Um dia depois de afirmar que houve fraude eleitoral em 2018, sem apresentar, porém, nenhuma prova sobre o que estava falando, Bolsonaro afirmou a jornalistas que não há ninguém no país que confie no sistema eleitoral.
“Eu quero que você me ache um brasileiro que confie no sistema eleitoral brasileiro”, declarou o presidente após participar de um esvaziado evento com empresários em Miami.
Questionado por uma repórter se não confia na Justiça Eleitoral, Bolsonaro respondeu exaltado: “Não é na Justiça, não deturpe as minhas palavras. Não façam essa baixaria que a imprensa sempre faz comigo.”
Essa foi a primeira vez, durante sua viagem de quatro dias aos EUA, que o presidente falou com a imprensa. As declarações duraram menos de dois minutos e ocorrem antes de ele embarcar para Jacksonville, onde fará uma visita de duas horas à fábrica da Embraer e, depois, segue para Brasília.
Nesta segunda-feira (9), durante encontro com a comunidade brasileira em Miami, o presidente já havia lançado suspeitas sobre a Justiça Eleitoral, mas acrescentou que tinha provas para mostrar que houve fraude em 2018, quando, segundo ele, teria vencido ainda no primeiro turno.
Apesar de repetir que tem indícios sobre o que está falando, o presidente não apresentou nenhum material, mesmo após ser questionado pelos jornalistas.
O presidente tem escalado seus embates e minado uma a uma suas relações com Congresso, imprensa e, desta vez, com a Justiça Eleitoral.
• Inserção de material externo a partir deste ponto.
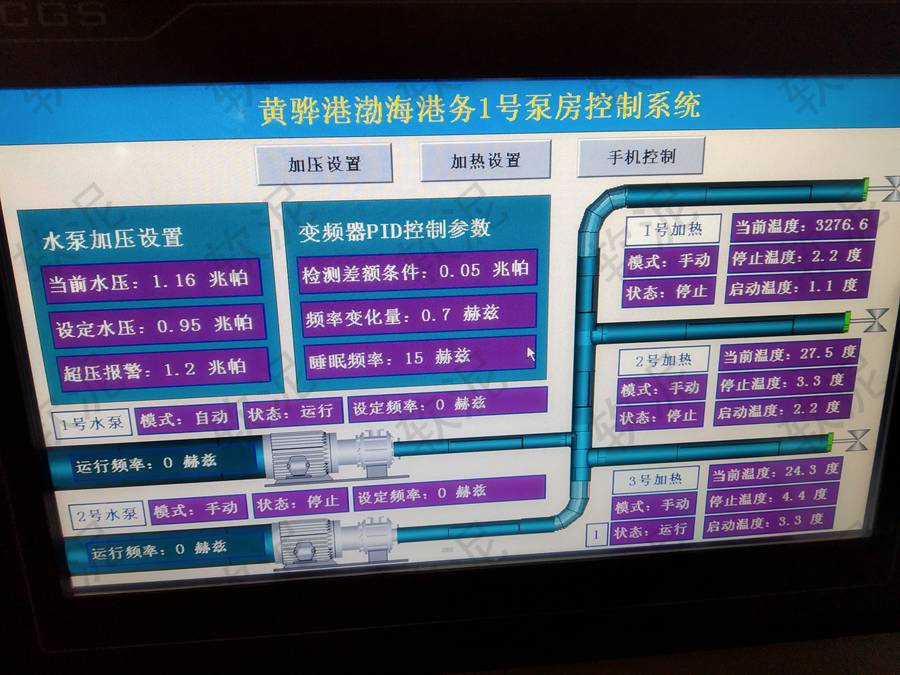 | 項(xiàng)目位于河北省滄州市黃驊港口。由原來(lái)的灑水車除塵方式改為了固定管道供水,高壓高空噴淋設(shè)備自動(dòng)噴灑的方式,實(shí)現(xiàn)作業(yè)期間自動(dòng)除塵功能。變頻器根據(jù)水壓傳感器反饋情況來(lái)決定水泵運(yùn)轉(zhuǎn)頻率,維持運(yùn)行期間的管道壓力在預(yù)設(shè)的范圍內(nèi)。使用軟泥智能控制主機(jī)的4G聯(lián)網(wǎng)控制功能,管理人員通過(guò)手機(jī)即可遠(yuǎn)程查看設(shè)備運(yùn)行狀態(tài),遠(yuǎn)程開關(guān)機(jī)和設(shè)置目標(biāo)水壓。 |
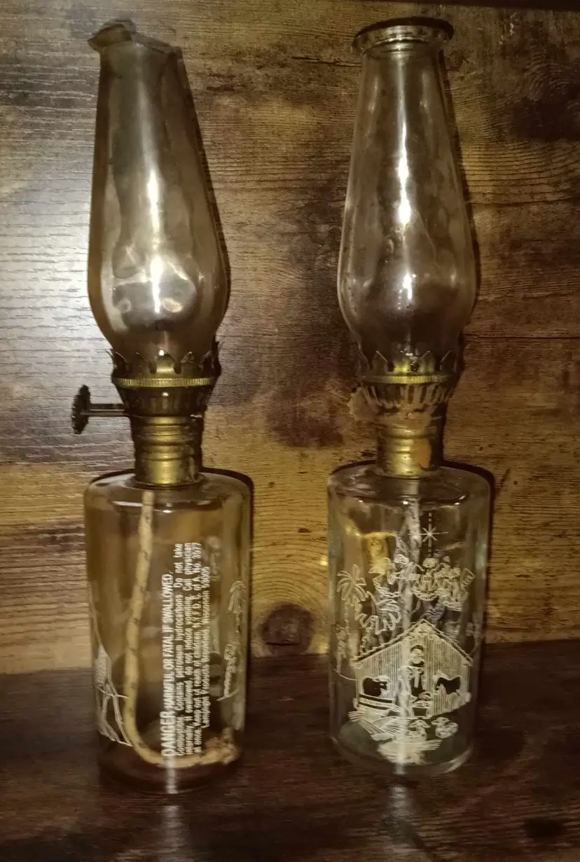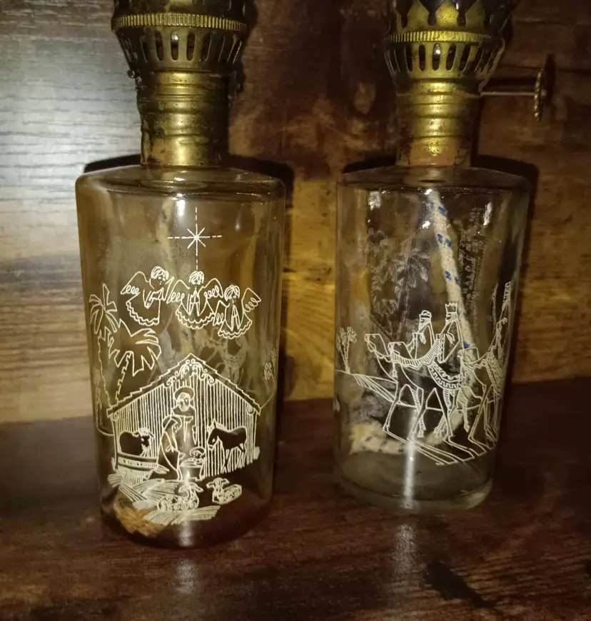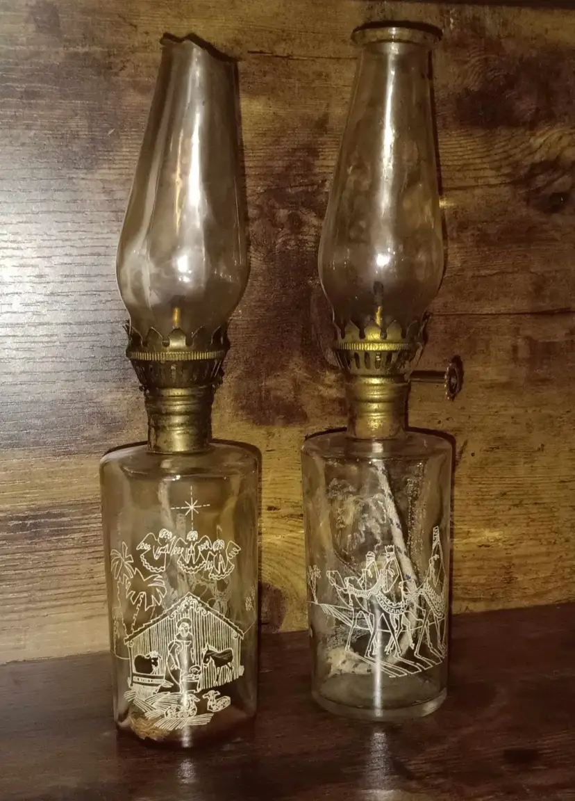Set of 2 matching oil lanterns. Features a beautiful nativity scene along the outside. Both are in working order with wicks intact. One of the globes on top has a chip, see photos. In good condition otherwise. The lantern measures 10 inches tall and the base is 2 inches across.
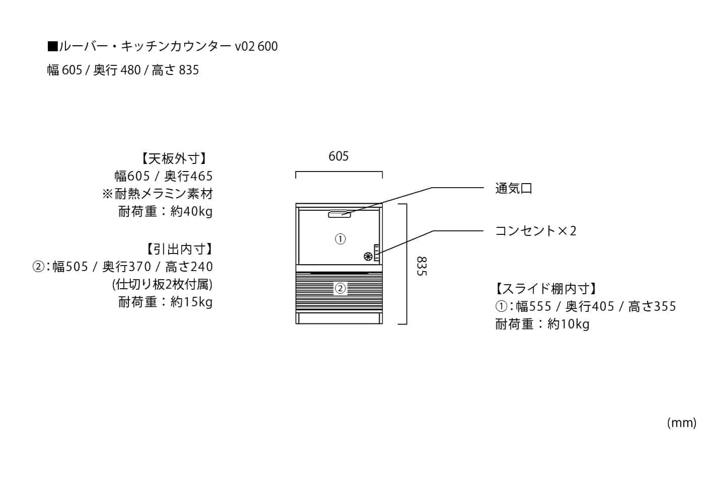 幅605 / 奥行480 / 高さ835 ※単位は mm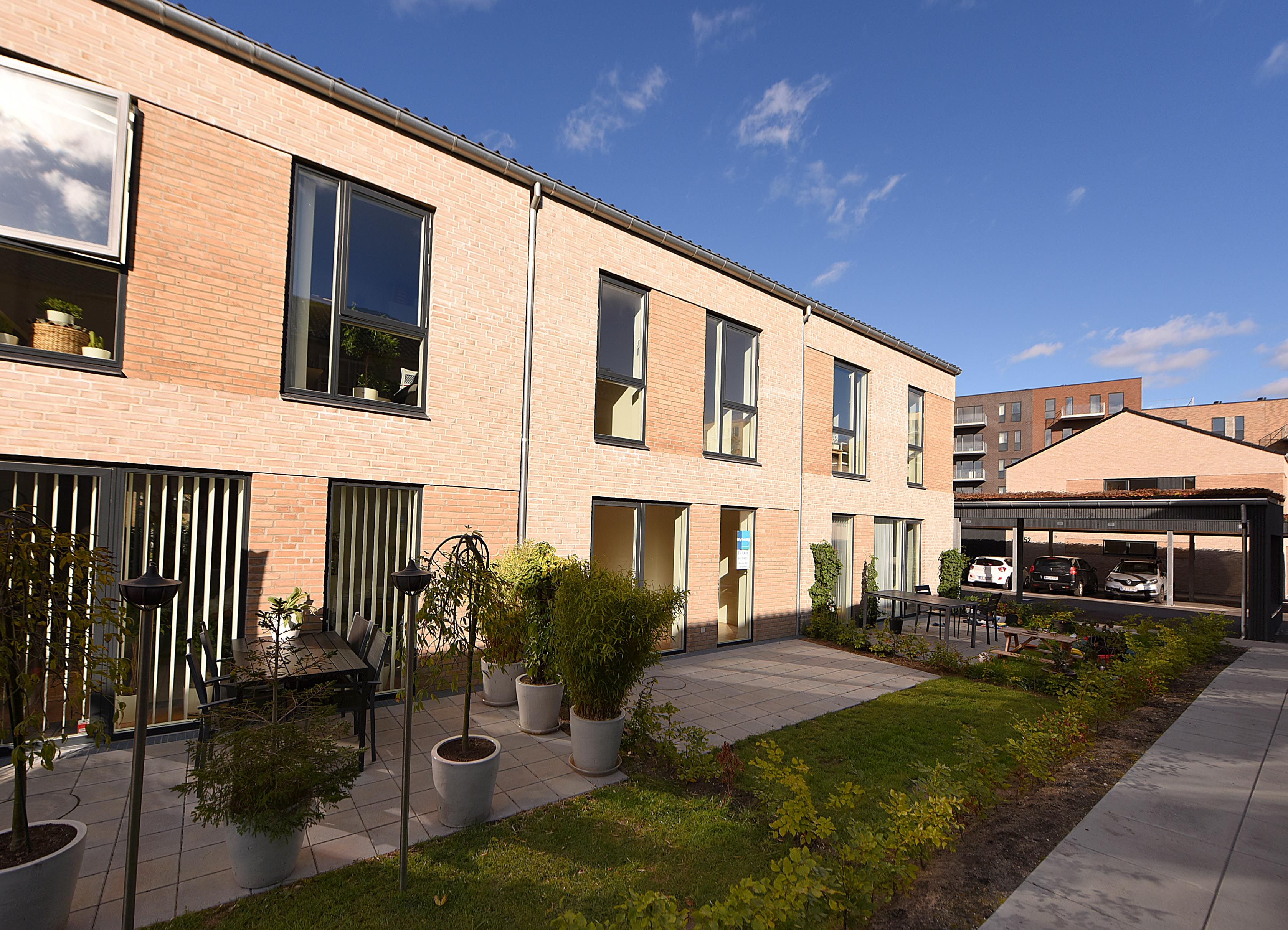 VELKOMMEN TIL RISSKOV HUSENE I dette lækre rækkehus fra 2020 får du: - Egen carport til bilen - Optimal indretning - Fantastisk fælleshus/aula - Tæt på idrætsfaciliteter - Gode indkøbsmuligheder Optimalt indrettet rækkehus beliggende i rekreativ oase i Risskov. Dette elegante rækkehus, der er opført i gode materialer med mange fine detaljer, udlejes til en kommende glad lejer. Underetagen indeholder lækkert åbent køkken fra Invita, dejlig lys stue med udgang til solorienteret terrasse og indbydende brusebadeværelse. Under trappen, der fører til 1. sal, har man desuden fint depotrum. Overetagen er indrettet med 3 gode værelser i forskellig gode størrelser, det ene med walk-in eller baby-/kontorniche. 1. sal har også et indbydende badeværelse. Uden for huset har man skønne terrasse områder, lidt græs og et godt udhus/skur. Facaderne er udført i smukke teglsten, med flotte zinktagrender og skuret er i antracitgråt træ, med sedumbelagt tag. Til alle rækkehuse tildeles en carport, således bilen kan holde i ly. Carporten er inkl. I lejen. Bebyggelsen er opført på Vejlby Skoles gamle grund og man har begavet valgt at bevare den smukke Aula som fælles hus. Her kan man tage et spil badminton på det elegante Ølandskiffergulv imens fjerbolden stryger op under det smukke trælamelloft. Der bliver også stillet et bordtennisbord til rådighed. Aulaen kan desuden, mod betaling, bookes til runde fødselsdage, konfirmationsfester eller hvad man kunne tænke sig af arrangementer, der kræver et skønt rum og meget plads. Via det store glasparti i den ene gavl, kan man let gå ud til den sjove legeplads, der bliver et centrum for Risskov Husene. Nærområdet indeholder et væld af sportsaktiviteter, lige fra svømmehallen i Vejlby Risskov til Motorik Hallen, der ligger som nabo. Det man hurtigt fornemmer i denne kvalitetsbebyggelse, er at der er roligt, og at bygningerne er opført med passende afstand imellem sig, således alle får lys, luft og plads til armbevægelser. Hvis man vil ind til centrum, er her kun 4 km ind til Domkirken, ligesom man hurtigt kan gå ned til stranden eller tage på picnic i Riis Skoven. Skal man længere væk kan motorvejsnettet nås på blot 5-7 minutter i bil. Kort sagt, en skøn oase for den lejer der vægter ro, æstetik, skønhed og ønsker alt i umiddelbar nærhed. Der skal søges om tilladelse til at holde husdyr, hvis man ønsker dette. Hunde må maks. veje 15 kg. som fuldvoksne og man må kun have ét pr. bolig.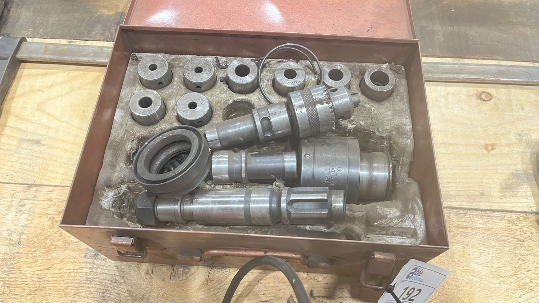 METAL CASE OF ASSORTED DRILL CHUCKS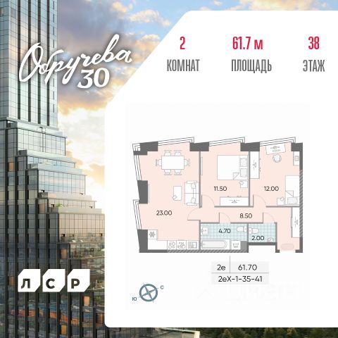 Продается 2-комн. кв-ра площадью 57.30 кв.м на 16 этаже 57 этажного монолитного дома в ЖК "ОБРУЧЕВА 30" от Группа ЛСР. "Обручева 30" - дом бизнес-класса в престижном районе ЮЗАО и шаговой доступности от станции метро "Калужская". Два корпуса неповторимой формы от архитекторного бюро "Камень" с уникальными форматами квартир: от двухуровневых с камином до квартир с террасой. "Клубная" инфраструктура для резидентов: студии йоги и сайкла, тренажерные залы, коворкинг-зона, конференц-залы, кинозал и детские игровые комнаты. Дом бизнес-класса "Обручева 30" возводится в Юго-Западном административном округе в районе Коньково на улице имени В. А. Обручева, видного советского ученого. В пешей доступности от "Обручева 30" находятся две станции метро: "Калужская" Калужско-Рижской линии (5 минут) и "Воронцовская" Большой кольцевой линии (10 минут).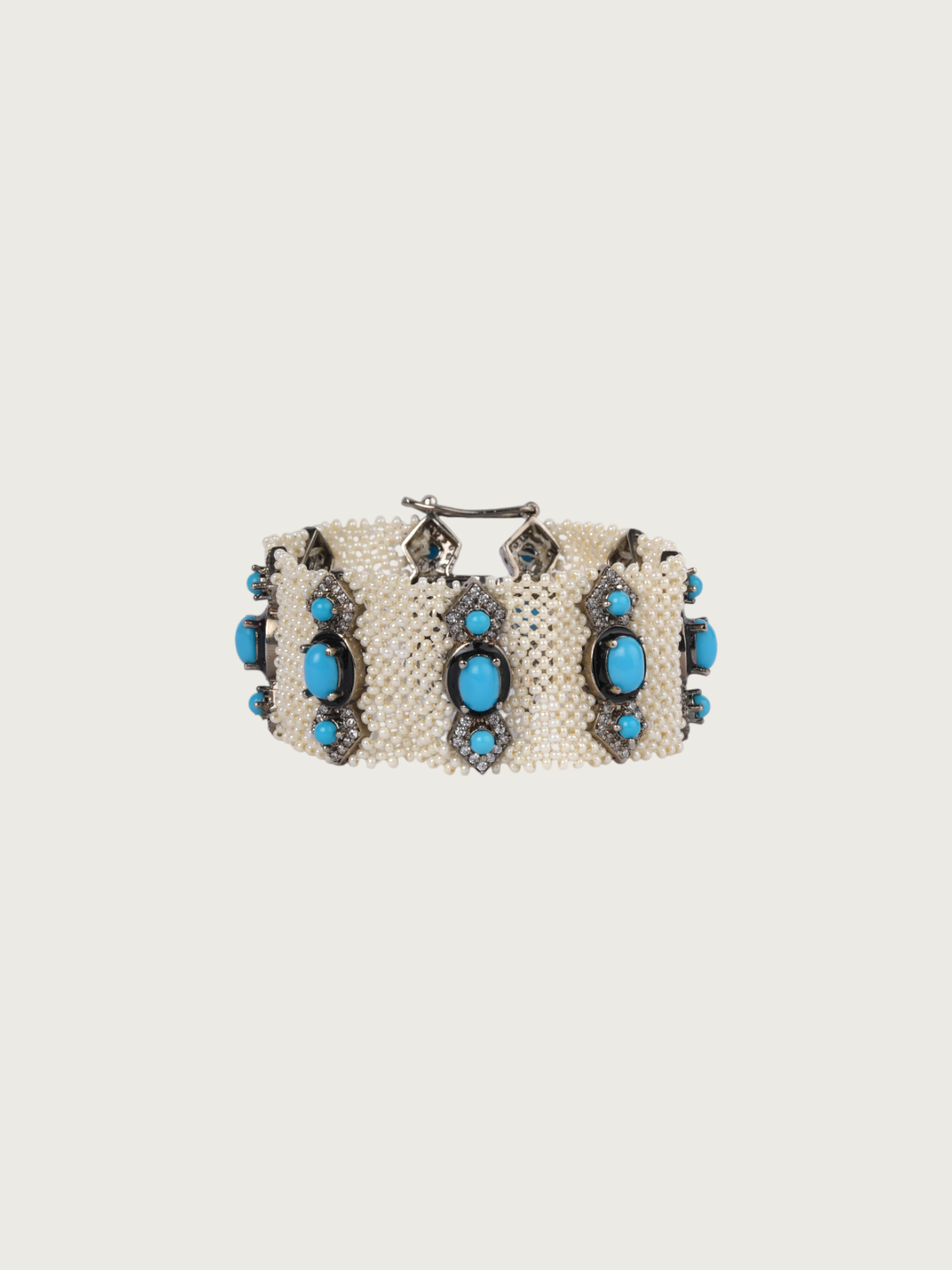 An exquisite statement of craftsmanship, this Tver bracelet combines the timeless beauty of pearls with the striking allure of blue stones. Each link is set in a fine oxidized silver finish, creating a design that is both classic and contemporary. The intricate detailing adds sophistication, making it perfect for an elegant yet modern wrist accent.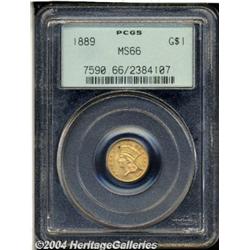 <B>1889<G$1> MS66 PCGS.</B></I> Sharply struck and highly lustrous, with plenty of cartwheel effects to be seen, this Gem exhibits an interesting number of striking elements, including: a slender die crack, which travels along the left reverse rim and die polish lines on the obverse, between the I and the C of AMERICA. All of these features were present before the coin left the mint, and should not be considered for grading purposes. A small dark alloy spot, under the A of STATES, and on the reverse under the date are mentioned for the sake of accuracy. That said, this is a full Gem with splendid eye appeal, and premium quality at the current grade.<BR><I>From The Greenwich Collection, Part One.</B></I> <BR><BR><B>Important notice:</B> Heritage usually auctions material at the rate of 200-250 lots per hour. On some occasions eBay Live bid software or the Internet may not be able to keep up with the pace of the auction. We recommend placing a realistic absentee bid now as insurance to avoid disappointment. Occasionally the auctioneer may eliminate or reject an eBay Live bid, and the auctioneer may also reopen a lot after the close of the eBay live bidding (usually because we missed an audience bid), and may reject your bid even if it shows you as the winning bidder. By bidding via eBay Live, you agree that Heritage may award the lot to another bidder at its sole discretion under the circumstances described above or any other reasonable circumstances. Since eBay bids are not shown to us until we open the lot on the floor, we treat those bids just like floor bids. In most cases the floor responds before the eBay bid is presented to us, due to Internet lag time, so for consistency we have made it a policy that floor bids are always considered first over tie eBay live bids. Also please note that all Heritage lots purchased through eBay Live carry a 20% Buyer's Premium. Please make sure you read the Terms and Conditions before you bid.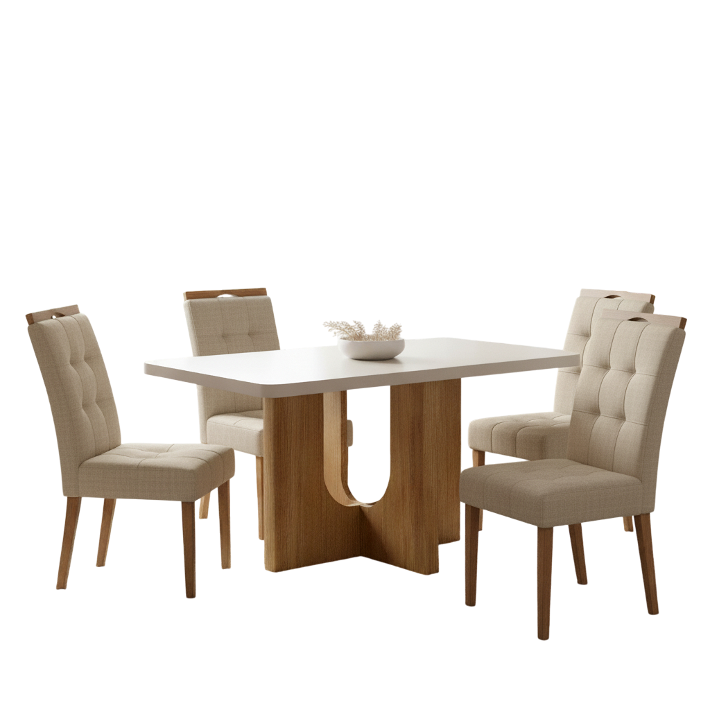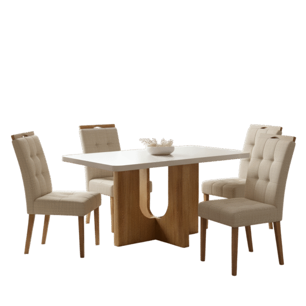 Mesa Dora 120 Cinamono/Off White com 4 Cadeiras Sophia Linho Bege 200 – VALDEMÓVEIS + WM DECOR
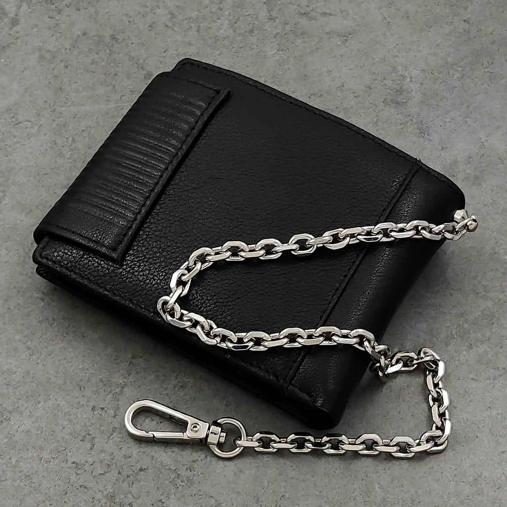 Get a edgy style with this punk biker skull men's leather wallet. It features a chain for security and convenience.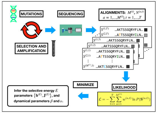 Pictorial representation of data generation in a Directed Evolution experiment and how they are plugged into the likelihood function to perform the inference. The sequencing of repeated rounds of mutation and selection generates a set of multiple sequence alignments. There, we highlighted with colored letters the sites that have been mutated with respect to the wild-type, coinciding with the first row of the alignment. Moreover, at the right of the sequences, boxes in gray-scale represents the abundances (increasing from black to white). Each sample of sequences and the related abundances for are used to define the likelihood function, which subsequently depends only on the parameters to be inferred: (see Equations (1)–(3) and (7)). The inference of these parameters is based on the maximization of the log-likelihood. In order to determine the parameters and , the maximization problem over the energetic parameters is repeated, performing a scan over a set of possible values. Then the pair corresponding to the global maximum of the minus log-likelihood is retained.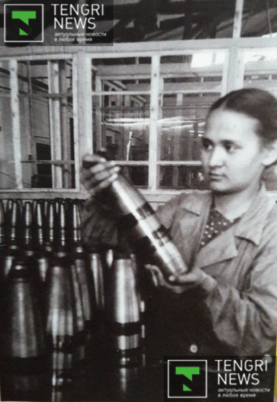 В Казахстане базировались заводы по выпуску боевых снарядов. Контролер С.Азарбаева проверяет готовую продукцию. Фото: Центральный государственный архив кинофотодокументов и звукозаписей РК.

Em outubro de 2018, quando era o candidato presidencial do PSL, Bolsonaro fez um pronunciamento na internet no qual disse suspeitar que só não havia vencido Fernando Haddad (PT) no primeiro turno devido a fraudes nas urnas eletrônicas. Mas essa é a primeira vez que fala em provas desde que chegou ao Planalto.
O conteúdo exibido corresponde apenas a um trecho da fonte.